Moreover, the fact that Bayes Theorem follows from certain axioms of probability doesn’t automatically show that it’s true. Axiomatic systems have no relevance to the real world unless we have established (whether explicitly or implicitly) some mapping of the language of that system onto the real world. Unless we’ve done that, the word “probability” as used in Bayes Theorem is just a symbol without relevance to the world, and to say that Bayes Theorem is “true” is merely to say that it is a valid statement in the language of that axiomatic system.
In practice, we are liable to take the word “probability” (as used in the mathematical axioms of probability) as having the same meaning as “probability” (as we previously used that word). That meaning has some relevance to the real world. But if we do that, we cannot simply take the axioms (and consequently Bayes Theorem) as automatically true. We must consider whether they are true given our meaning of the word “probability”. But “probability” is a notoriously tricky word, with multiple “interpretations” (i.e. meanings). We may have good reason to think that the axioms of probability (and hence Bayes Theorem) are true for one meaning of “probability” (e.g. frequentist). But it doesn’t automatically follow that they are also true for other meanings of “probability” (e.g. Bayesian).
I’m not denying that Bayesian inference is a valuable method, or that it has some sort of justification. But justifying it is not nearly so straightforward as your comment suggests, Luke.
It stands on the foundations of probability theory, and while foundational stuff like Cox’s theorem takes some slogging through, once that’s in place, it is quite straightforward to justify Bayesian inference.
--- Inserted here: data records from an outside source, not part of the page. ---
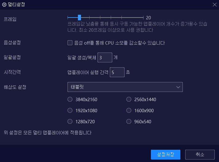 멀티 설정은 CPU 사용을 많이 하므로 프레임 값을 낮춰주어서 사용하는게 좋습니다.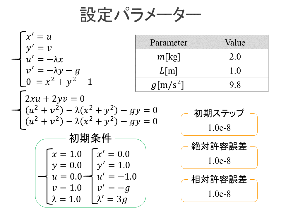 上記の問題を解くために必要な情報として各変数の指数、初期条件(初期値、初期微分値)、各物理定数の値、各シミュレーションパラメーターを決定します。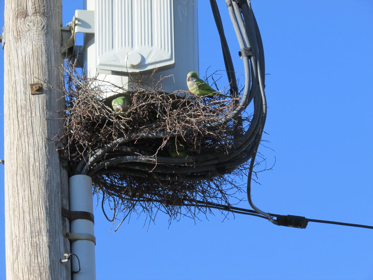 These monk parakeets were spotted nesting on a telephone pole on Hart Place in Coney Island.

It’s actually somewhat tricky to establish that the rules of probability apply to the Frequentist meaning of probability. You have to mess around with long run frequencies and infinite limits. Even once that’s done, it hard to make the case that the Frequentist meaning has anything to do with the real world—there are no such thing as infinitely repeatable experiments.
In contrast, a few simple desiderata for “logical reasoning under uncertainty” establish probability theory as the only consistent way to do so that satisfy those criteria. Sure, other criteria may suggest some other way of doing so, but no one has put forward any such reasonable way.
Could Dempster-Shafer theory count? I haven’t seen anyone do a Cox-style derivation of it, but I would guess there’s something analogous in Shafer’s original book.
I would be quite interested in seeing such. Unfortunately I don’t have any time to look for such in the foreseeable future.
P.S. Bayes Theorem is derived from a basic statement about conditional probability, such as the following:
P(S/T) = P(S&T)/P(T)
According to the SEP (http://plato.stanford.edu/entries/epistemology-bayesian/) this is usually taken as a “definition”, not an axiom, and Bayesians usually give conditional probability some real-world significance by adding a Principle of Conditionalization. In that case it’s the Principle of Conditionalization that requires justification in order to establish that Bayes Theorem is true in the sense that Bayesians require.
Just to follow up on the previous replies to this line of thought, see Wikipedia’s article on Cox’s theorem and especially reference 6 of that article.
On the Principle of Conditionalization, it might be argued that Cox’s theorem assumes it as a premise; the easiest way to derive it from more basic considerations is through a diachronic Dutch book argument.
disclaimer: I’m not very knowledgeable in this subject to say the least.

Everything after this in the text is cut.